• The problem: The task calls for the lines below from the line with "Clement – Crew Neck Zip Polo Shirt – Black" to the line with "The Switch Stick", both ends included, copied exactly, without any pictures.

• Information provided:
┄┄┄┄┄┄

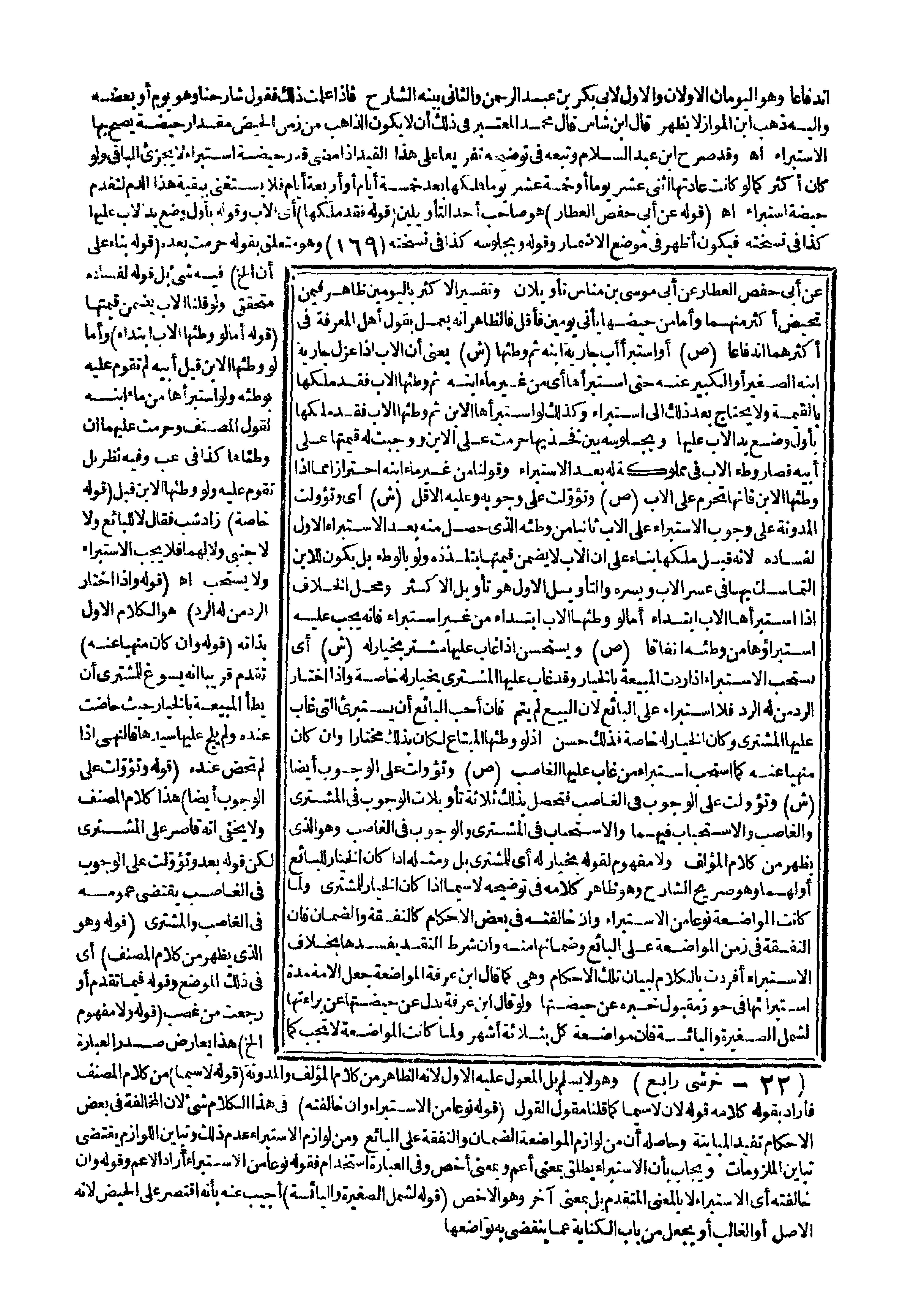 ـــــــــــــــــــــــــــــQانْدِفَاعًا وَهُوَ الْيَوْمَانِ الْأَوَّلَانِ وَالْأَوَّلُ لِأَبِي بَكْرِ بْنِ عَبْدِ الرَّحْمَنِ وَالثَّانِي بَيَّنَهُ الشَّارِحُ فَإِذَا عَلِمْت ذَلِكَ فَقَوْلُ شَارِحِنَا وَهُوَ يَوْمٌ أَوْ بَعْضُهُ وَإِلَيْهِ ذَهَبَ ابْنُ الْمَوَّازِ لَا يَظْهَرُ قَالَ ابْنُ شَاسٍ قَالَ مُحَمَّدٌ الْمُعْتَبَرُ فِي ذَلِكَ أَنْ لَا يَكُونَ الذَّاهِبُ مِنْ زَمَنِ الْحَيْضِ مِقْدَارَ حَيْضَةٍ صَحَّ بِهَا الِاسْتِبْرَاءُ اهـ.
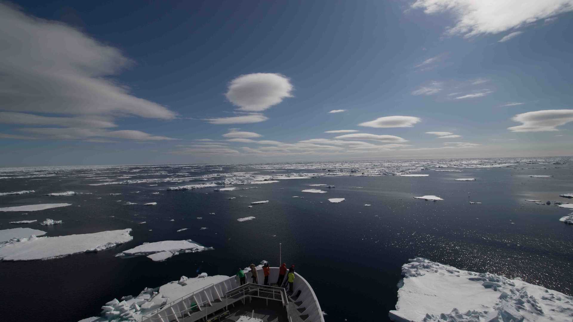 While we continued searching, we heard talks by our distinguished guest speakers and the ship’s naturalist staff. In the middle of the afternoon, we found a space where the ice floes gave way to open water where we got into Zodiacs for a close-up experience with pack ice and the various shapes and forms of ice. A few species of Arctic seabirds were around, and we even spotted some bearded seals.
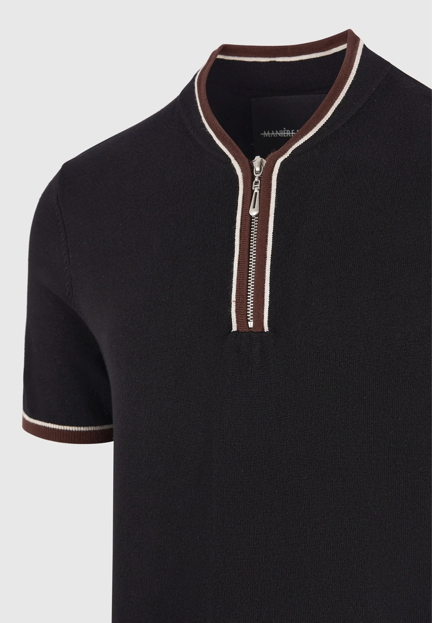 Clement – Crew Neck Zip Polo Shirt – Black
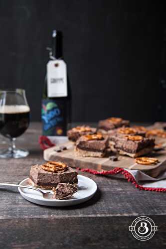 Chocolate Stout Truffle Mousse Bars with Pretzel Crust At a beer event in a crowded bar in Portland, Oregon last week I talked to a talented brewer about his participation in an upcoming brewing competition.
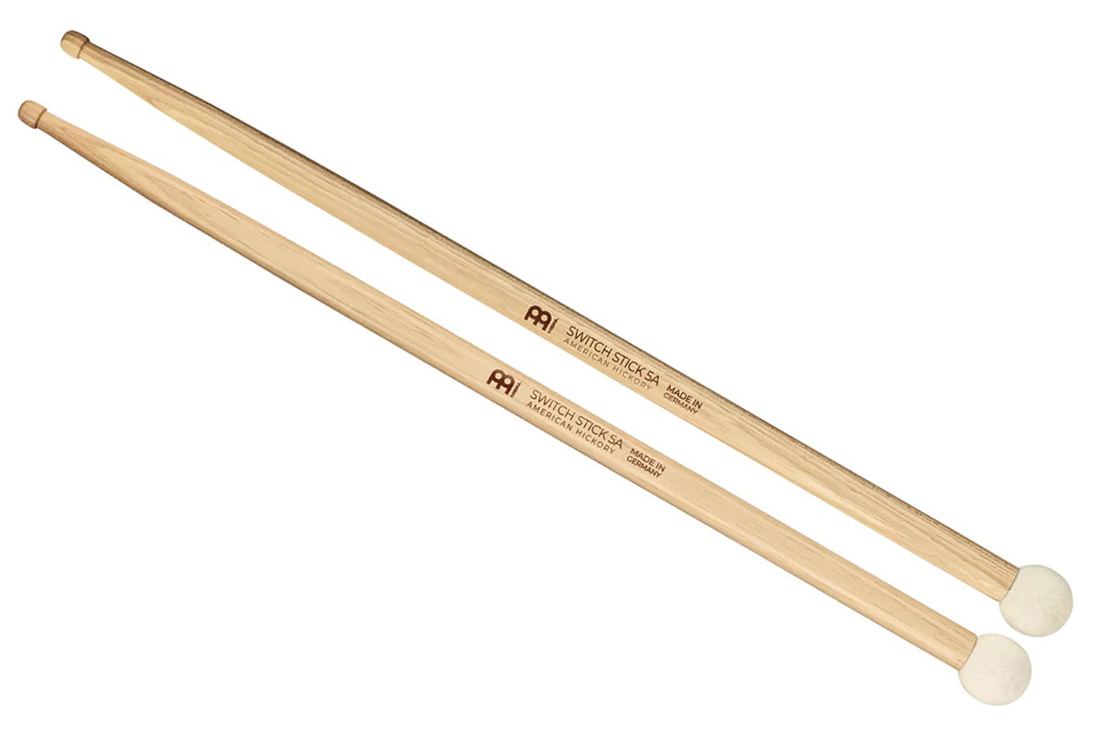The Switch Stick 5A features our popular Hybrid 5A sticks (made from American hickory) with a hard felt mallet added to the butt end. This is a great combination for players that need to make quick changes from sticks to mallets or mallets to sticks during a performance.
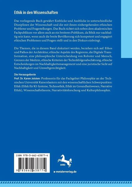Das vorliegende Buch gewährt Einblicke und Ausblicke in unterschiedliche Disziplinen der Wissenschaft und die mit ihnen einhergehenden ethischen Probleme und Fragestellungen. Das Buch richtet sich neben dem akademischen Fachpublikum vor allem auch an ein breiteres Publikum, da Ethik nur nachhaltig sein kann, wenn auch die breite Bevölkerung sich kompetent und engagiert ethischen Problemen und Fragen stellt und in den Diskurs einbringt. Die Themen, die in diesem Band diskutiert werden, beziehen sich auf: Ethos und Pathos der Architektur, ethische Aspekte des Regierens, die Digitale Transformation, eine philosophische Unterscheidung von Roboter und Mensch, Grenzen der Medizin, ethische Kriterien der Technikfolgenabschätzung, ethische Entscheidungen im Nachhaltigkeitsmanagement und eine juristische Sicht auf Nachhaltigkeit und Umweltgerechtigkeit.
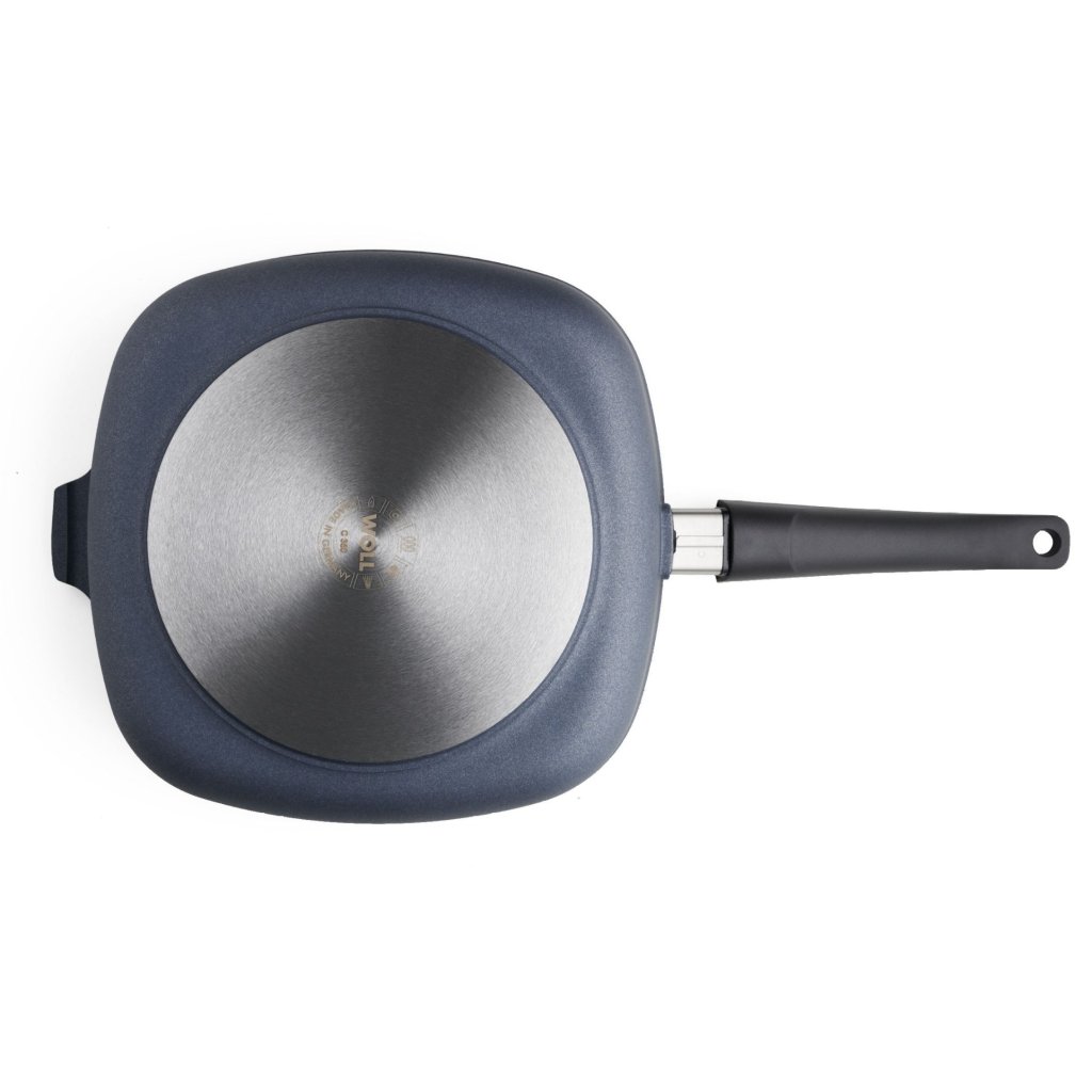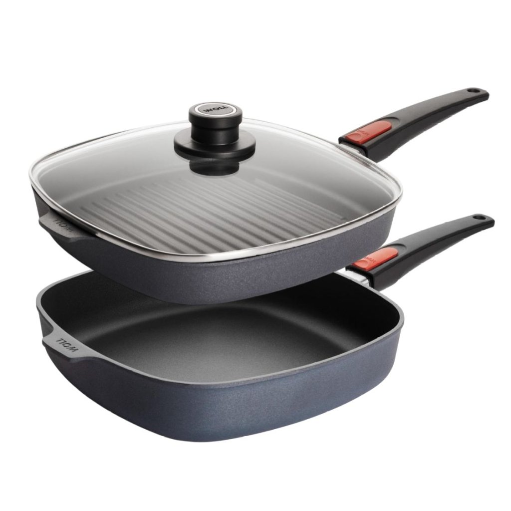 - Inclui uma frigideira quadrada clássica e uma frigideira quadrada frigideira Grill com tampa de vidro, ambas medindo 28 × 28 cm e com cabo removível para máxima flexibilidade.

┄┄┄┄┄┄

• Output below:
 Clement – Crew Neck Zip Polo Shirt – Black
 Chocolate Stout Truffle Mousse Bars with Pretzel Crust At a beer event in a crowded bar in Portland, Oregon last week I talked to a talented brewer about his participation in an upcoming brewing competition.
The Switch Stick 5A features our popular Hybrid 5A sticks (made from American hickory) with a hard felt mallet added to the butt end. This is a great combination for players that need to make quick changes from sticks to mallets or mallets to sticks during a performance.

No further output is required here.